## [Exercise material]
================================

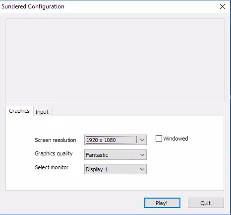 现在,在你的Steam库中,按住Alt键启动《 Sundered》。片刻后,会打开《 Sundered》的配置窗口(它可能会缩小到任务栏中,但这种情况下,你会看到任务栏中有一个闪烁的橙色图标,只需点击它即可显示窗口)。
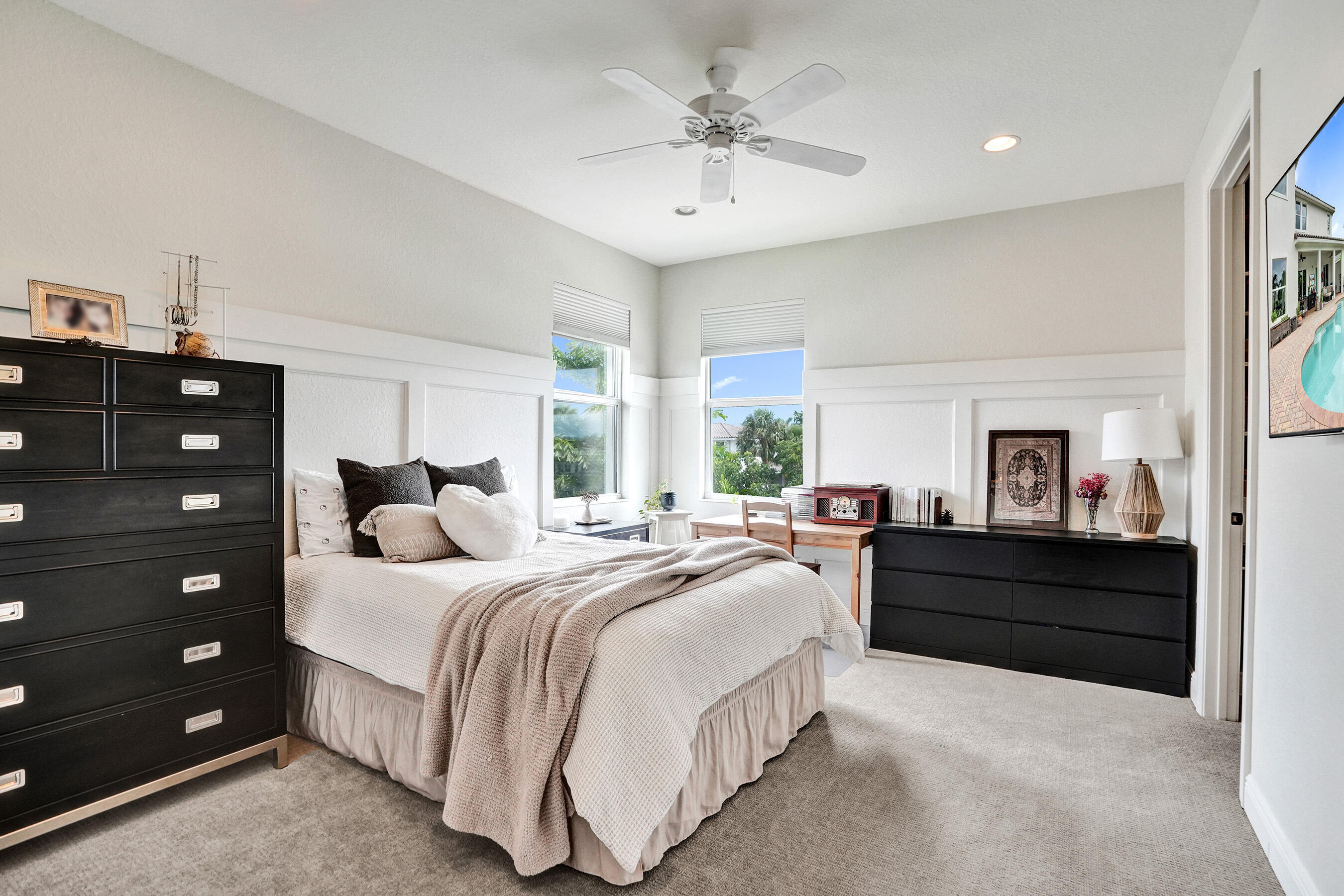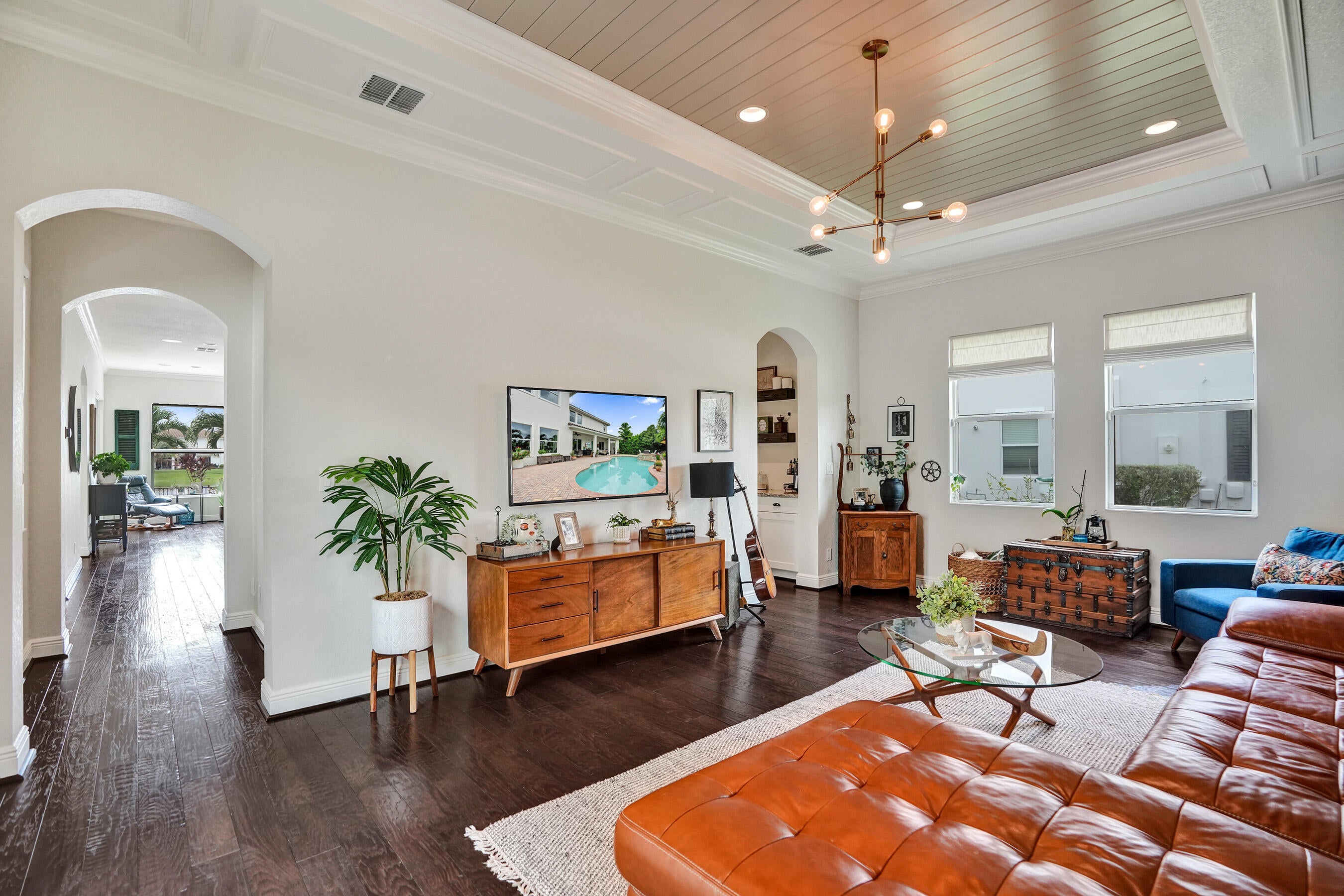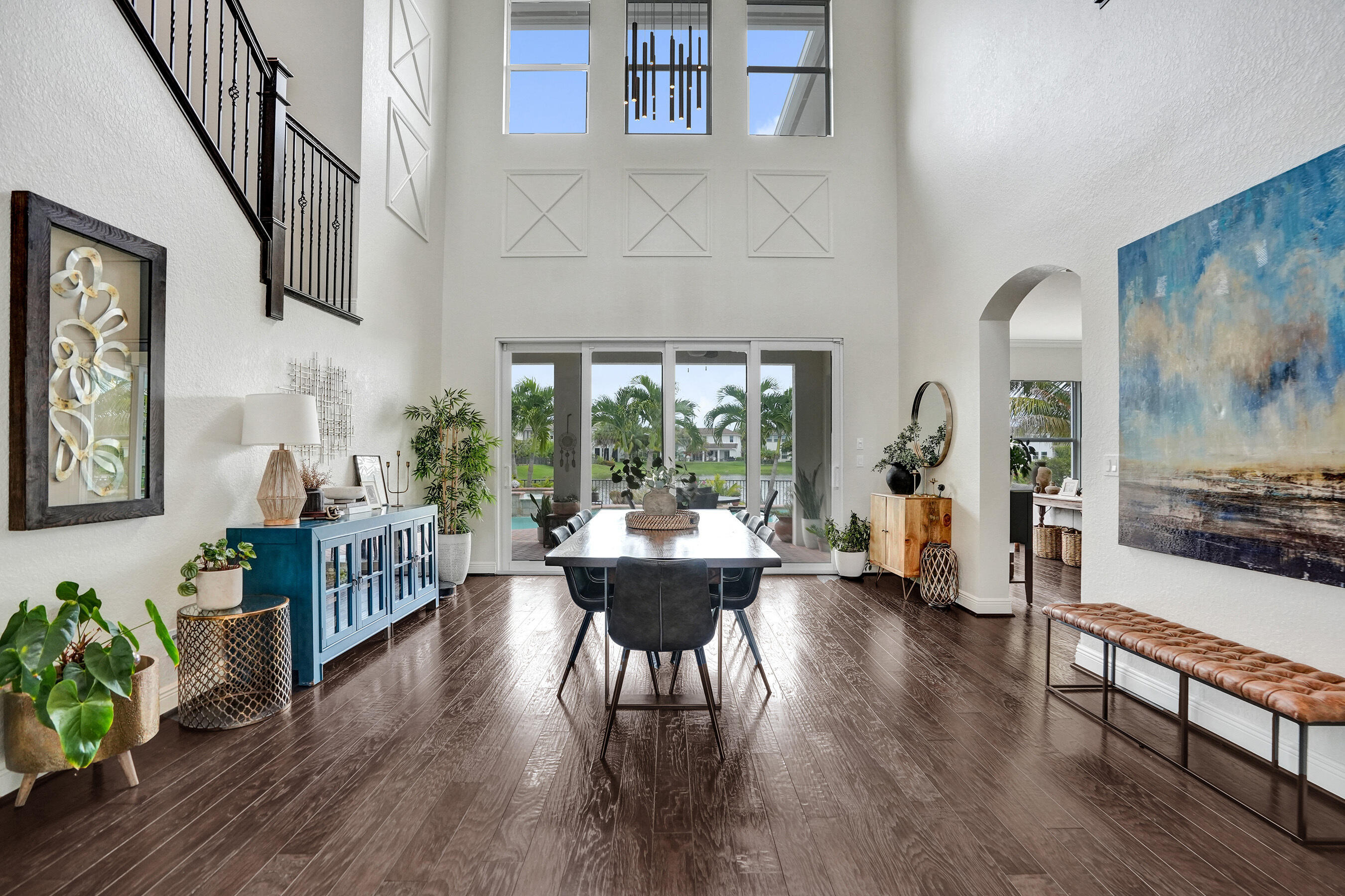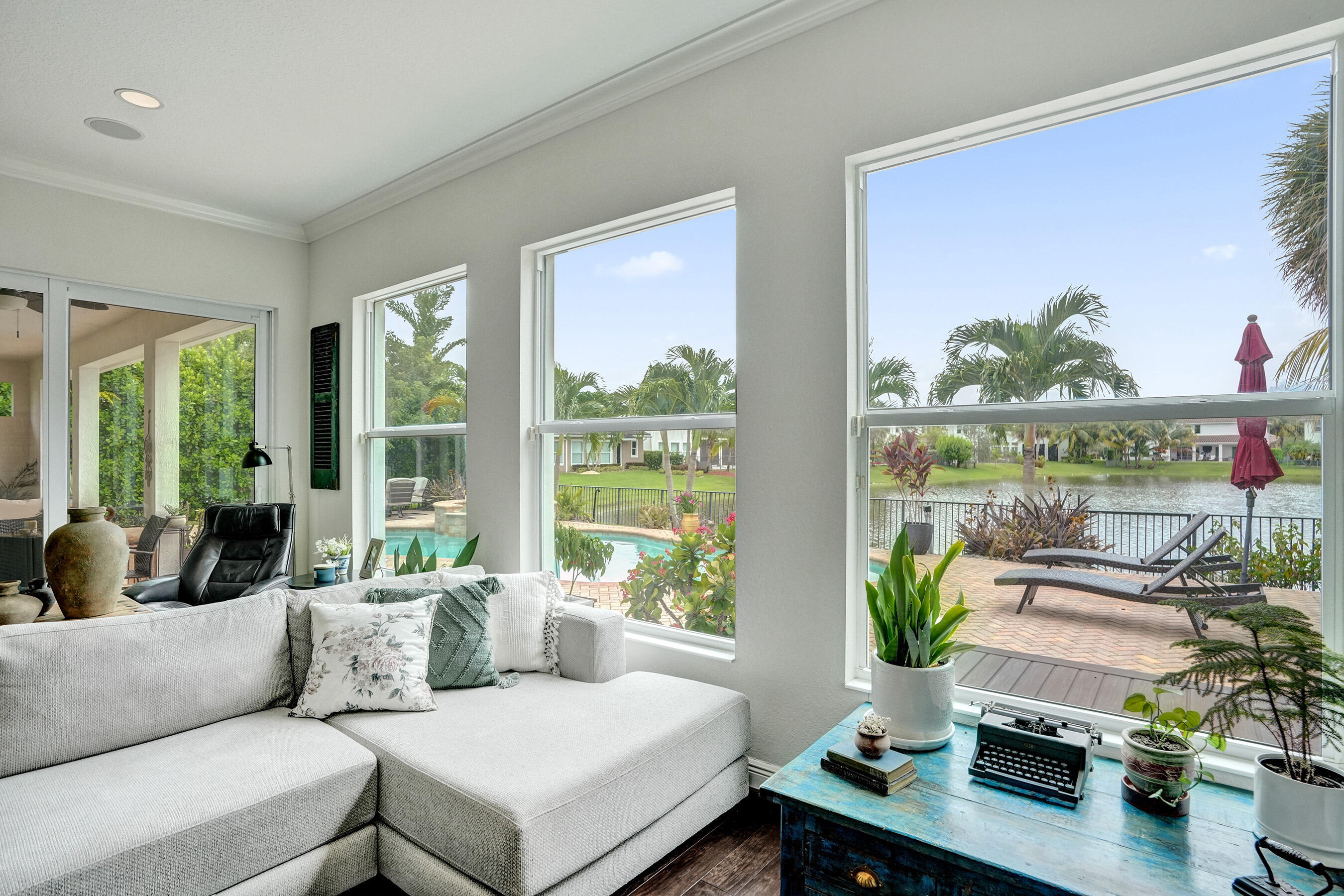 Step into elegance with this 5BR, 4.5BA former model home in the sought-after gated community of Heron Bay, offering 4,124 sq ft of bright, open living. A soaring 22-ft ceiling, wood floors, and lake views from most spaces set the tone. Entertain in the chef's kitchen with a natural gas stove, stainless appliances, and butler's pantry, or enjoy movie nights in the family room with built-in speakers. Outside, relax in the remodeled backyard with a heated saltwater pool/spa. The master retreat features lake views, double shower, and soaking tub. Enjoy peace of mind with impact windows/doors, smart home systems, 2 recently replaced ACs, fresh exterior paint and new garage door openers. With A+ schools and resort-style amenities, this home is move-in ready and ideal for family living.
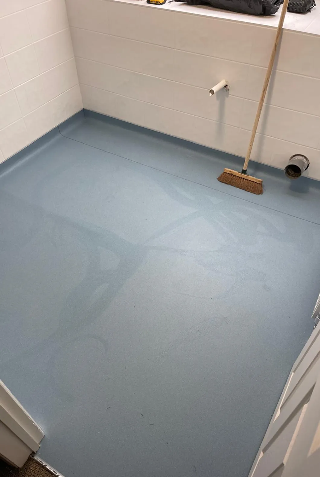 This type of flooring is widely used in care homes, hospitals, schools, commercial kitchens, residential bathrooms, accessible shower rooms, gyms, spas, and utility areas.
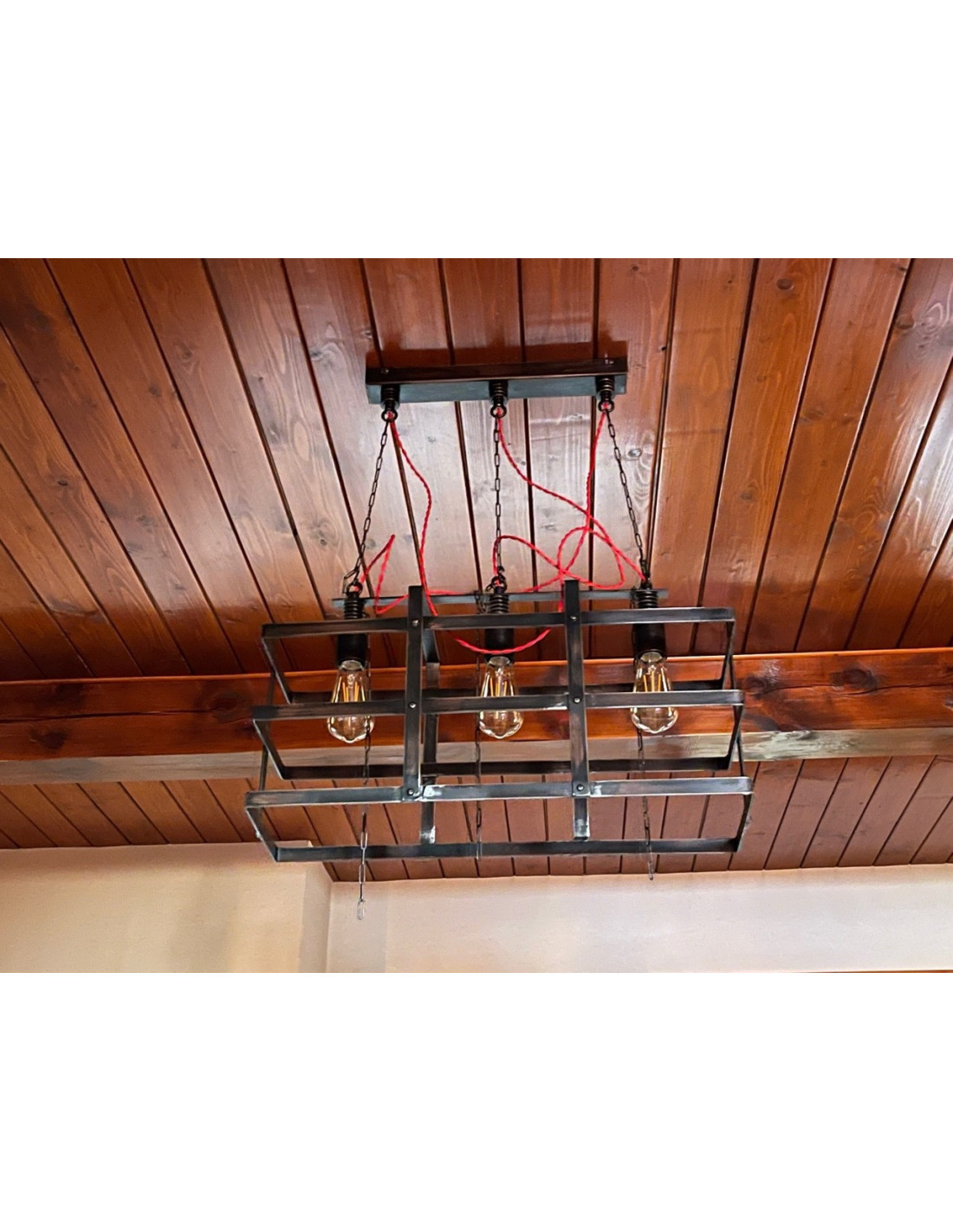 Lampa INDUSTRIALNA HANNIBAL to lampa trzy punktowa wykonana głownie z elementów ze stali i odlewów żeliwnych. W przeciwieństwie do poprzedniej naszej lampy SUPERNOVA gdzie dominowały bryły, kształty kuliste i okręgi teraz mamy do czynienia z prostopadłościanami, prostokątami, płaszczyzny zostały załamane pod kątem prostym. Hannibal to lampa, która przyciąga uwagę i nie można obok niej przejść obojętnie. W lampie tej użyliśmy kabel czarny w podwójnym oplocie.
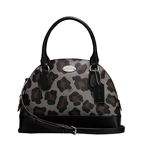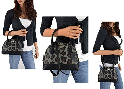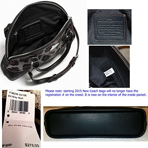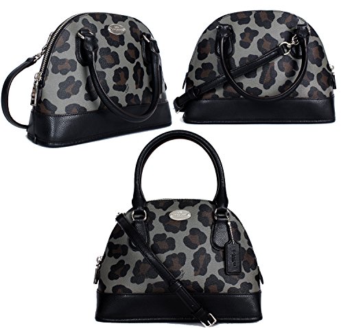 -. Brand : Coach -. Color : Black Multicolor -. Department : womens -. EAN : 0018594045970 -. Feature : 9" Across bottom and 7" Across top (L) x 7" (H) x 3"(W). This is a very small Sweet Mini bag. / Absolutely Adorable! Beautiful Coach PVC Coated Signature Ocelot Leopard texture Print in Stunning Black, Dark Grey and Dark Brown colors. / Interior: top zipper closure, inside wall zipper pocket and one multifunctional open pocket. Black Leather Trim. / Exterior: Silvertone hardware, double leather handles 4" drop and attachable longer strap for shoulder & Crossbody wear! with an adjustable black leather crossgrain buckle strap 25" drop. / ~*~ New with Coach Store Tags, Coach care card and copy of Coach Store Receipt. (dustbag not included) Wrapped in Coach tissue paper. ~*~ -. ProductGroup : Shoes -. ProductTypeName : HANDBAG -. Title : New Authentic COACH Leopard Small Mini Domed Black Multicolor Ocelot Satchel Crossbody Bag -. UPC : 018594045970
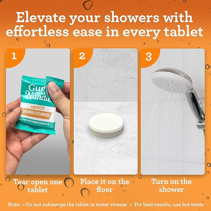 - LONG-LASTING LUXURY, TWICE OVER: Our GuruNanda Uplift Shower Steamer Tablets (Pack of 10) are crafted with the highest quality 100% pure and natural essential oils sourced globally. These tablets offer a luxurious aromatic escape, and the unique feature of each tablet being easily split into two parts ensures you can enjoy two extended aromatic journeys for a remarkably long time.
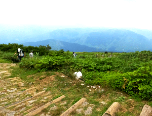 | が、さっきまでのガスは何処へ行った? ピ−カンの青空・サラシナショウマはまだつぼみ・・・ 木陰もない階段登りはもうイヤダ! 途中から下ることにした 13:20 もう少しその決心が早かったら、 13:30のバスに間に合ったのだが、 「いいや、ビールでも飲んで待っていれば・・・」と思っていたが、 ビールの気分ではなかったので、 バスの待ち時間が長かったこと! |
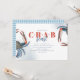 This design features a simple watercolor blue crab feast, with a nautical crab boil bake party, a coastal living seaside ocean sea, great for seafood dinner party event invitation, a stylish trendy typography font text, a modern calligraphy script typography, with a Maryland New England Maine coast style ,whimsical crab legs boiled baked, an elegant stylish fun water ocean, with a crustacean red blue animal marine life with a blue gingham summer tablecloth pattern
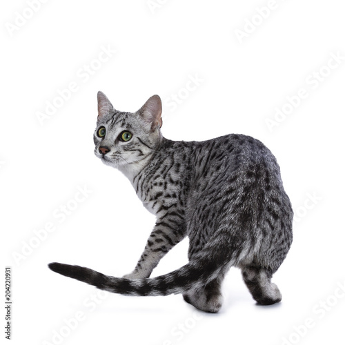 © Nynke, Fototapeta premium Cute silver spotted Egyptian Mau cat kitten walking / turning around isolated on white background and looking over shoulder
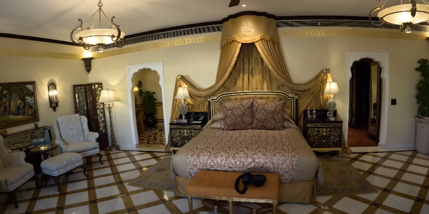 A área do quarto era enorme e rica em detalhes, exatamente como um quarto de palácio. Nele havia sofá com mesa de centro, puffs e poltronas; uma cama enorme com duas mesas de cabeceira e muitos ornamentos e mesa de trabalho.

================================

## [Task directions]
No picture should be included when the data are set down again exactly.

## [Exercise solution]
 现在,在你的Steam库中,按住Alt键启动《 Sundered》。片刻后,会打开《 Sundered》的配置窗口(它可能会缩小到任务栏中,但这种情况下,你会看到任务栏中有一个闪烁的橙色图标,只需点击它即可显示窗口)。
 Step into elegance with this 5BR, 4.5BA former model home in the sought-after gated community of Heron Bay, offering 4,124 sq ft of bright, open living. A soaring 22-ft ceiling, wood floors, and lake views from most spaces set the tone. Entertain in the chef's kitchen with a natural gas stove, stainless appliances, and butler's pantry, or enjoy movie nights in the family room with built-in speakers. Outside, relax in the remodeled backyard with a heated saltwater pool/spa. The master retreat features lake views, double shower, and soaking tub. Enjoy peace of mind with impact windows/doors, smart home systems, 2 recently replaced ACs, fresh exterior paint and new garage door openers. With A+ schools and resort-style amenities, this home is move-in ready and ideal for family living.
 This type of flooring is widely used in care homes, hospitals, schools, commercial kitchens, residential bathrooms, accessible shower rooms, gyms, spas, and utility areas.
 Lampa INDUSTRIALNA HANNIBAL to lampa trzy punktowa wykonana głownie z elementów ze stali i odlewów żeliwnych. W przeciwieństwie do poprzedniej naszej lampy SUPERNOVA gdzie dominowały bryły, kształty kuliste i okręgi teraz mamy do czynienia z prostopadłościanami, prostokątami, płaszczyzny zostały załamane pod kątem prostym. Hannibal to lampa, która przyciąga uwagę i nie można obok niej przejść obojętnie. W lampie tej użyliśmy kabel czarny w podwójnym oplocie.
 -. Brand : Coach -. Color : Black Multicolor -. Department : womens -. EAN : 0018594045970 -. Feature : 9" Across bottom and 7" Across top (L) x 7" (H) x 3"(W). This is a very small Sweet Mini bag. / Absolutely Adorable! Beautiful Coach PVC Coated Signature Ocelot Leopard texture Print in Stunning Black, Dark Grey and Dark Brown colors. / Interior: top zipper closure, inside wall zipper pocket and one multifunctional open pocket. Black Leather Trim. / Exterior: Silvertone hardware, double leather handles 4" drop and attachable longer strap for shoulder & Crossbody wear! with an adjustable black leather crossgrain buckle strap 25" drop. / ~*~ New with Coach Store Tags, Coach care card and copy of Coach Store Receipt. (dustbag not included) Wrapped in Coach tissue paper. ~*~ -. ProductGroup : Shoes -. ProductTypeName : HANDBAG -. Title : New Authentic COACH Leopard Small Mini Domed Black Multicolor Ocelot Satchel Crossbody Bag -. UPC : 018594045970
 - LONG-LASTING LUXURY, TWICE OVER: Our GuruNanda Uplift Shower Steamer Tablets (Pack of 10) are crafted with the highest quality 100% pure and natural essential oils sourced globally. These tablets offer a luxurious aromatic escape, and the unique feature of each tablet being easily split into two parts ensures you can enjoy two extended aromatic journeys for a remarkably long time.
 | が、さっきまでのガスは何処へ行った? ピ−カンの青空・サラシナショウマはまだつぼみ・・・ 木陰もない階段登りはもうイヤダ! 途中から下ることにした 13:20 もう少しその決心が早かったら、 13:30のバスに間に合ったのだが、 「いいや、ビールでも飲んで待っていれば・・・」と思っていたが、 ビールの気分ではなかったので、 バスの待ち時間が長かったこと! |
 This design features a simple watercolor blue crab feast, with a nautical crab boil bake party, a coastal living seaside ocean sea, great for seafood dinner party event invitation, a stylish trendy typography font text, a modern calligraphy script typography, with a Maryland New England Maine coast style ,whimsical crab legs boiled baked, an elegant stylish fun water ocean, with a crustacean red blue animal marine life with a blue gingham summer tablecloth pattern
 © Nynke, Fototapeta premium Cute silver spotted Egyptian Mau cat kitten walking / turning around isolated on white background and looking over shoulder
 A área do quarto era enorme e rica em detalhes, exatamente como um quarto de palácio. Nele havia sofá com mesa de centro, puffs e poltronas; uma cama enorme com duas mesas de cabeceira e muitos ornamentos e mesa de trabalho.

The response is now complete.